The first situation involves the unnecessary preface, if you can even call it that in this instance. The information leading up to the question isn’t needed for the person on the receiving end to answer. Lead-ins like this result in the person asking the question coming off as being so focused on himself he sees value in sharing his autobiography with everyone he meets.

The second situation involves picking a question that is so random and detached from what others present would immediately understand or identify with that it takes a detailed walk through of complicated minutia for the person on the receiving end to even be able to take a stab at an answer. If your question requires a rambling preface for it to make sense to the person on the receiving end or the audience sharing that person’s time, it’s probably the wrong question to begin with.
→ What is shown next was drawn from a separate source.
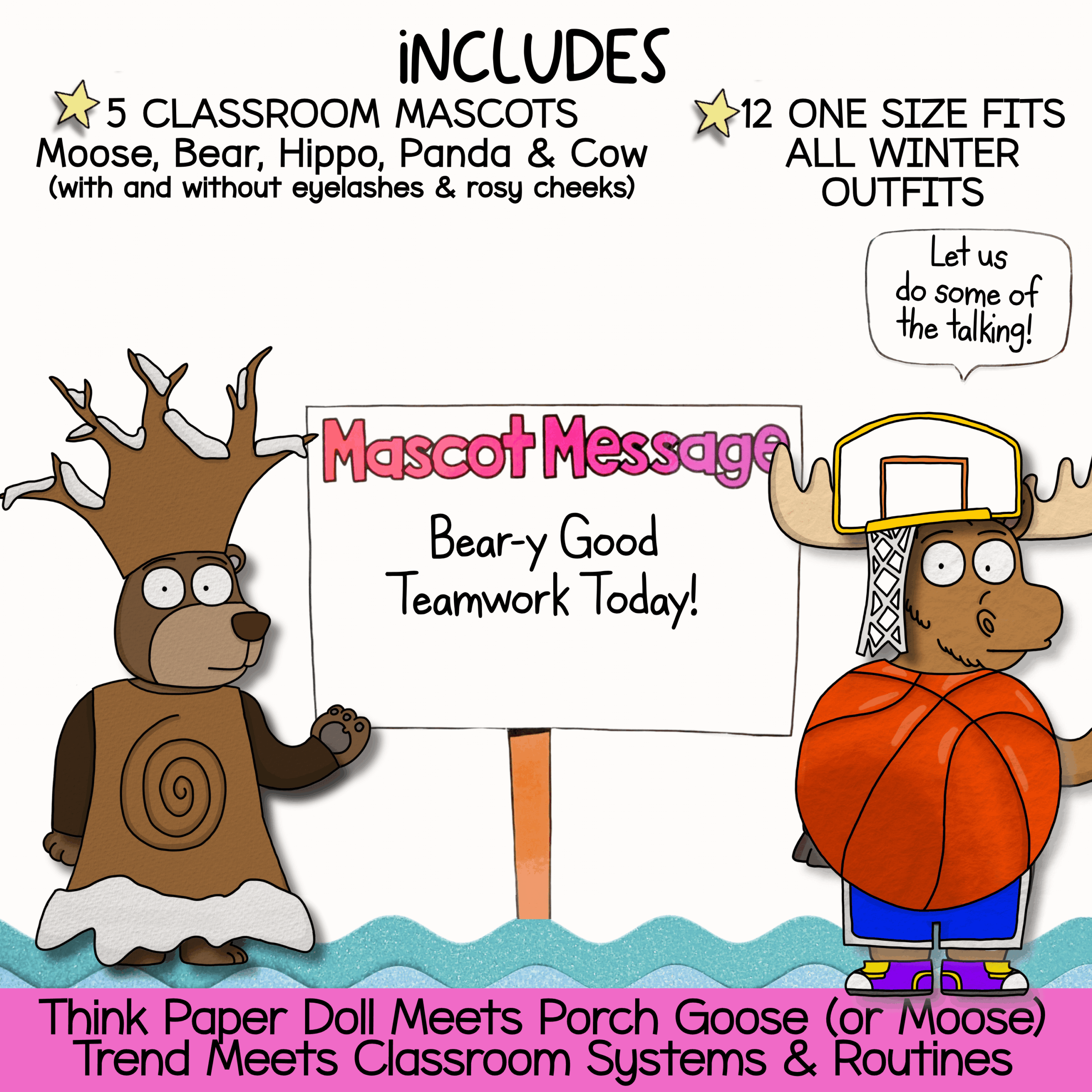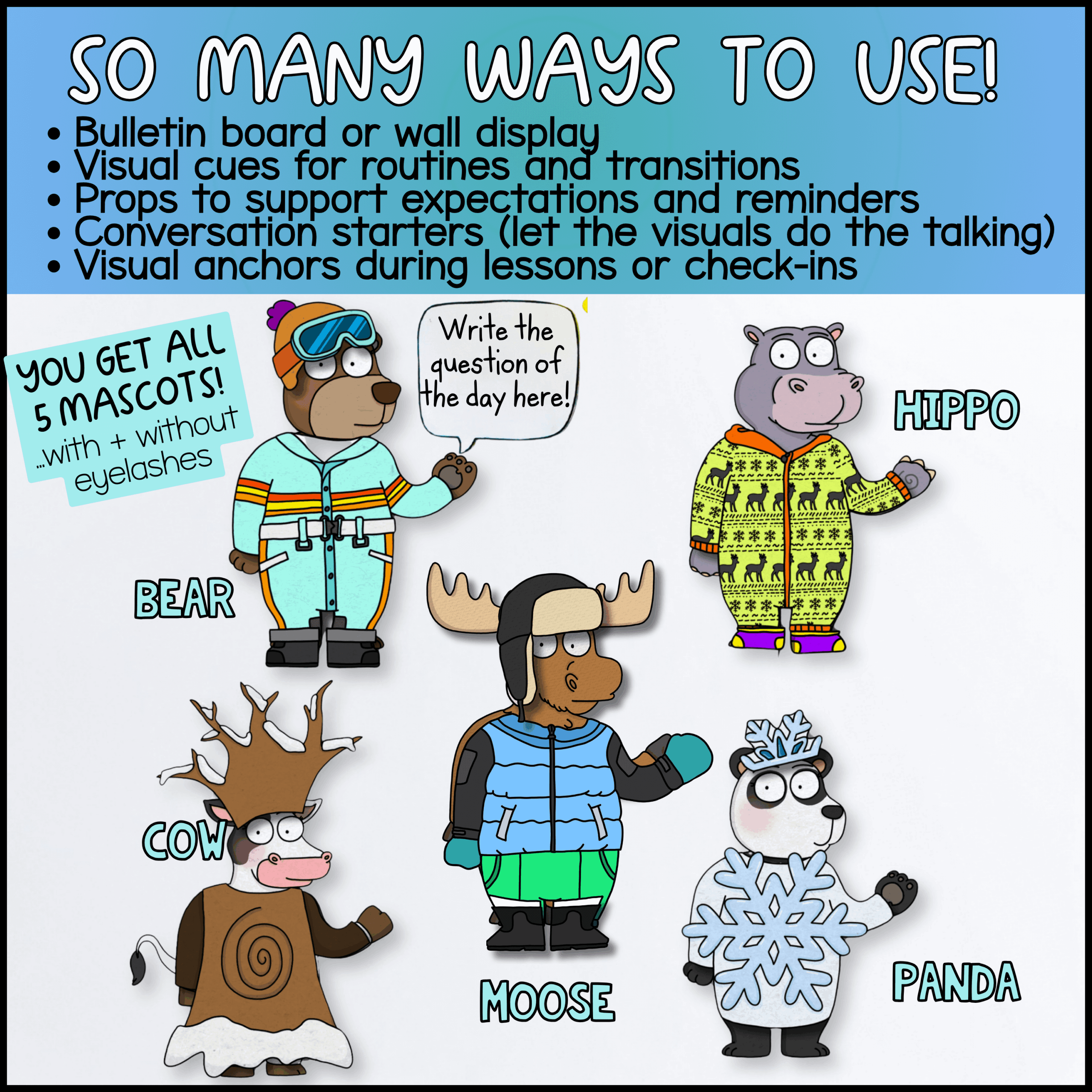 This Classroom Mascot Winter Kit is designed to work with the WholeHearted Critter Crew™ Moose and Friends Mix-and-Match mascot system.
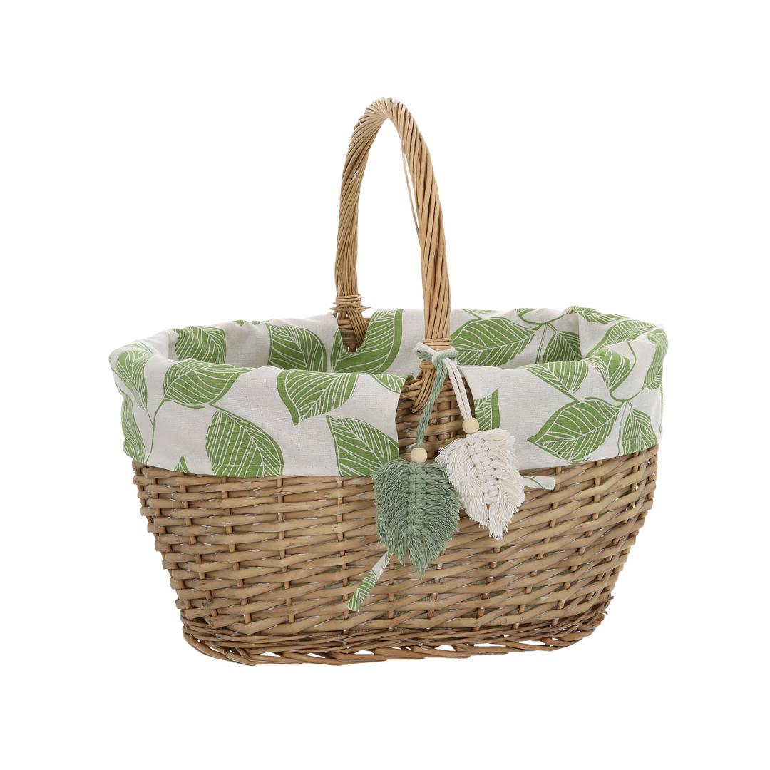 Textile lining: cotton fabric with green leaves pattern. Korvi materjal: käsitsi punutud naturaalne pajuvits.

The third situation involves the insertion of negative commentary. Perhaps the person asking the question is right that companies are clueless or discriminating. What if the job seekers is wrong though? What if the company didn’t get the application? What if the application had an error on it and wasn’t considered complete? What if the resume didn’t contain keywords? What if the cover letter had a typo and it disqualified the job seeker from consideration? What if the experience the job seeker feels makes him/her a fit wasn’t presented effectively on the resume? Because the question was laced with commentary that’s hardly flattering, this person is going to lose not matter what the answer ends up being. The habit of framing questions with the presumption someone else is an idiot is far from rare. It’s icky in any situation, and horribly embarrassing when the individual turns out to be the one who missed the boat on something.